その目には、少しの戸惑いと、そして心の奥底にわずかな期待が混ざっているようにも見えた。
──ただの冗談だと、彼はそう思おうとしたが、どこかでその言葉が耳に残っている。
遠くで、スミレがふと振り返った気配に気づくと、蓮はわずかにその目を細め、無意識にその方向へ視線を送った。

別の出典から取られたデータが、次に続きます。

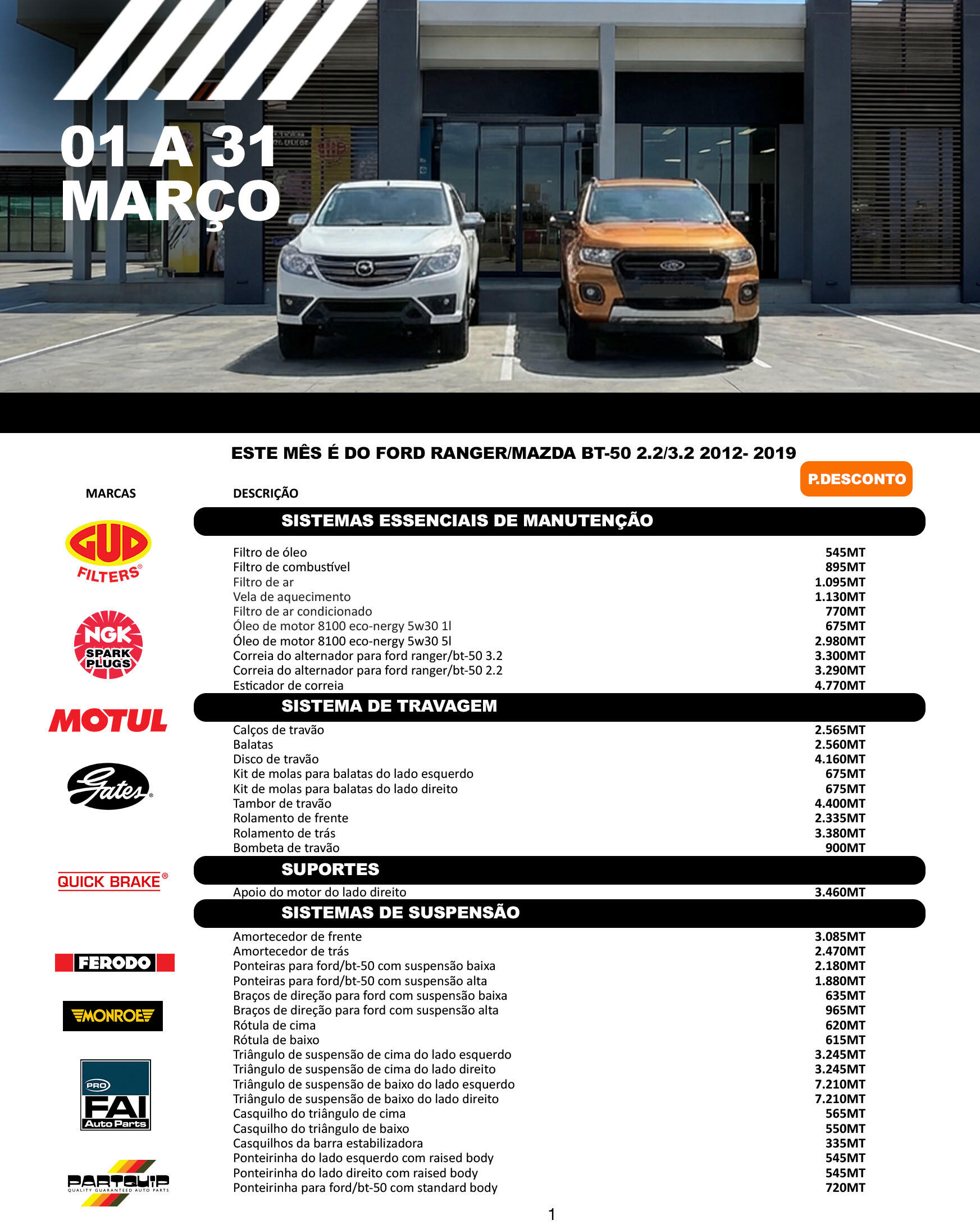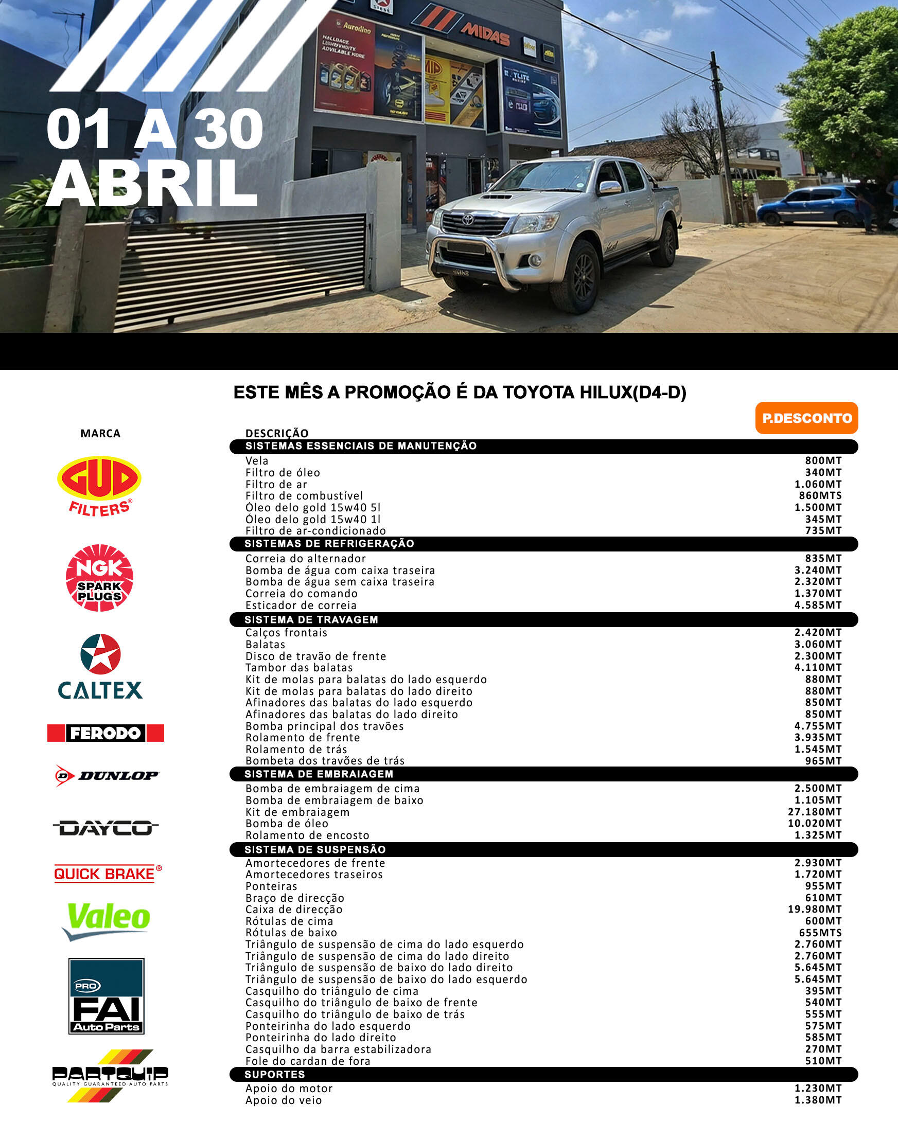 Produtos, preços e stock.

蓮と美穂のやり取りを遠くから見守っていたリリスは、少しだけ眉をひそめてから、ふとスミレに話しかける。
「美穂ちゃん、蓮のこと気になってるよね?」
スミレはその言葉にすぐには反応せず、少しだけ間を空けた。
顔に浮かべていた無関心そうな表情は、まるで何もなかったかのように淡々としている。
「あら? そうなの?」
スミレは特に驚くでもなく、むしろ淡白な様子で返した。
「確かに、蓮はいい子だもの。美穂ちゃんが好きになるのも分かるわ」
その声の中には、軽い興味さえも感じられない。
リリスは、スミレの様子をじっと観察しながら、少し考えた後、にっこりと微笑んだ。
「シェリーは、誰か気になる人いないの?」
その問いかけに、スミレはまたしばらく黙った。
考え込んでいるようにも見えるが、リリスの顔にはどこか楽しげな色が浮かんでいた。
スミレは少しだけ視線を下げ、無理に思考を整理するように言葉を紡ぐ。
「……そんなの、考えたことないわ」
けれど、その言葉の裏にはわずかな揺らぎがあった。
一瞬だけ、スミレの瞳が揺れたような気がする。それは、ほんの一瞬だったが、リリスはその変化に敏感に気づいた。
「ほんとに?」
リリスは軽く笑いながら、少しだけからかうような調子で続ける。
「シェリーも、意外と恋愛に鈍感ってわけじゃないんだね」
その言葉に、スミレは一瞬だけ顔を赤らめそうになり、そしてすぐにツンとそっぽを向いた。
その仕草には、どこか照れ隠しが見え隠れしている。
「うるさいわね。そんなこと、気にしてないわよ」
スミレの声はいつも通り冷たいが、内心では少しだけ動揺している様子がうかがえる。
リリスはその反応を見て、楽しげに鼻を鳴らす。
「ふふ、まぁ、気にしなくてもいいけどさ。スミレも、もうちょっと考えた方がいいかもよ?」
スミレはさらに顔をそむけ、リリスに背を向けるようにして、どこかへ歩き出す。
「そうね、考えないわけじゃないけど。……これ以上、話さないで」
その言葉には少しだけ意味深な響きがあった。
リリスは、それをあえて追わずに、スミレの背中を見送った。
中庭にはしばしの静寂が落ち、吹き抜ける風が花壇の花を揺らす。
やがて、誰の足音でもない気配が遠ざかるようにして、その場に残された空気もゆっくりと動き始めた。